◆ **TRY IT**
All of the data should be repeated exactly; pictures are not part of the copy.

◆ **RECORDED INFORMATION**
☆ ☆ ☆ ☆
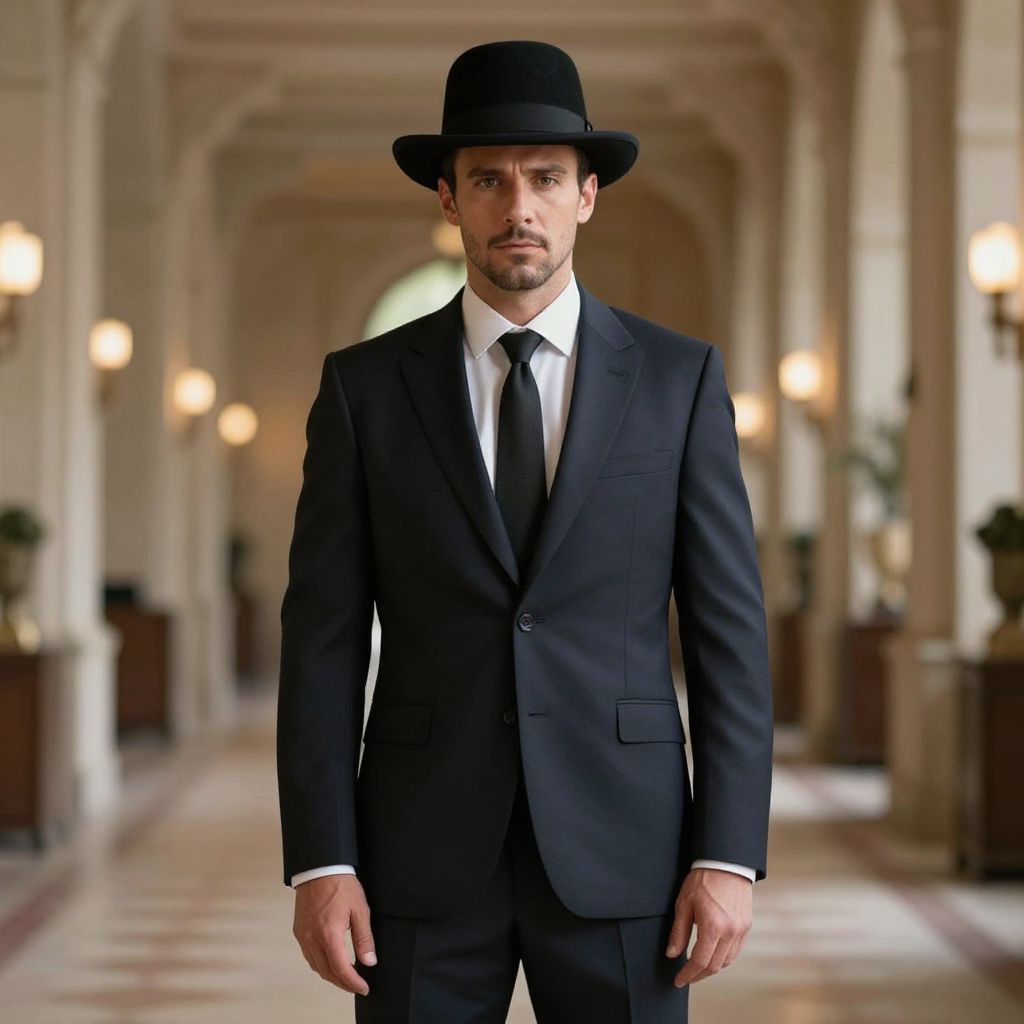 Nice Costume, man in a suit and hat standing in a hall
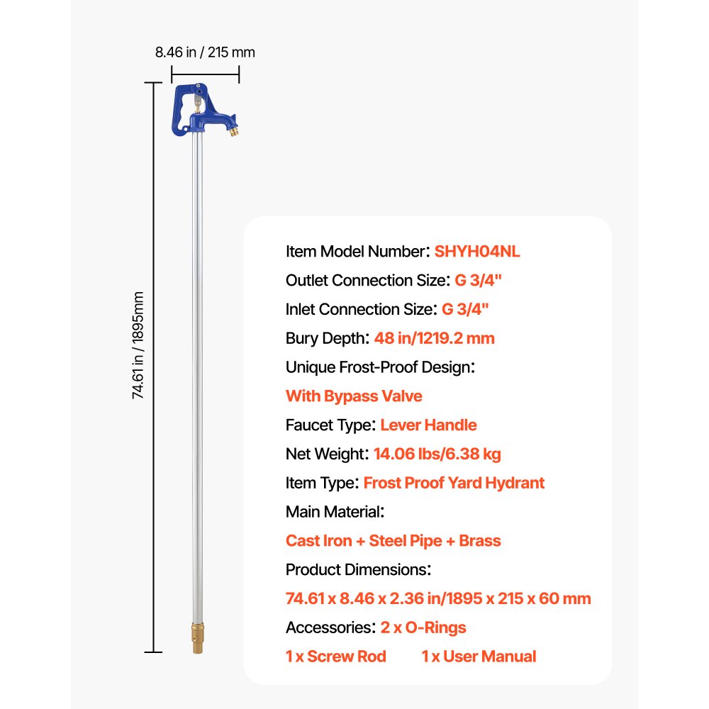 Suministro de agua corriente: Este hidrante de jardín resistente a las heladas tiene una longitud total de 1895 mm y una profundidad de enterramiento de 1219,2 mm para proteger eficazmente las tuberías de la congelación. Ideal para riego de jardines, lavado de coches, riego agrícola y cuidado del césped (no se recomienda para beber)
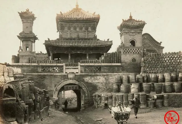 图中的城门叫彭城东阁,也有人喊玉皇阁,砖石砌成的台基厚重结实,阁顶堆叠着兽吻和脊饰,左右立着钟楼鼓楼,气派不输城隍庙,城门洞里进出的人影被拱券切成一截一截,门外路边堆满了大缸与坛子,口沿厚厚的,釉色暗沉,像刚从窑场里挑出来的残次品,奶奶曾说彭城一带瓷火兴旺,手一摸尘土里都是瓷渣粉,照片里这阵势,像极了窑场忙季的余温,现在城门多修成景点,缸坛变展品,摸不得也搬不得,只能远远看着叹一句年代变了。
☆ ☆ ☆ ☆
◆ **TASK SOLUTION**
 Nice Costume, man in a suit and hat standing in a hall
 Suministro de agua corriente: Este hidrante de jardín resistente a las heladas tiene una longitud total de 1895 mm y una profundidad de enterramiento de 1219,2 mm para proteger eficazmente las tuberías de la congelación. Ideal para riego de jardines, lavado de coches, riego agrícola y cuidado del césped (no se recomienda para beber)
 图中的城门叫彭城东阁,也有人喊玉皇阁,砖石砌成的台基厚重结实,阁顶堆叠着兽吻和脊饰,左右立着钟楼鼓楼,气派不输城隍庙,城门洞里进出的人影被拱券切成一截一截,门外路边堆满了大缸与坛子,口沿厚厚的,釉色暗沉,像刚从窑场里挑出来的残次品,奶奶曾说彭城一带瓷火兴旺,手一摸尘土里都是瓷渣粉,照片里这阵势,像极了窑场忙季的余温,现在城门多修成景点,缸坛变展品,摸不得也搬不得,只能远远看着叹一句年代变了。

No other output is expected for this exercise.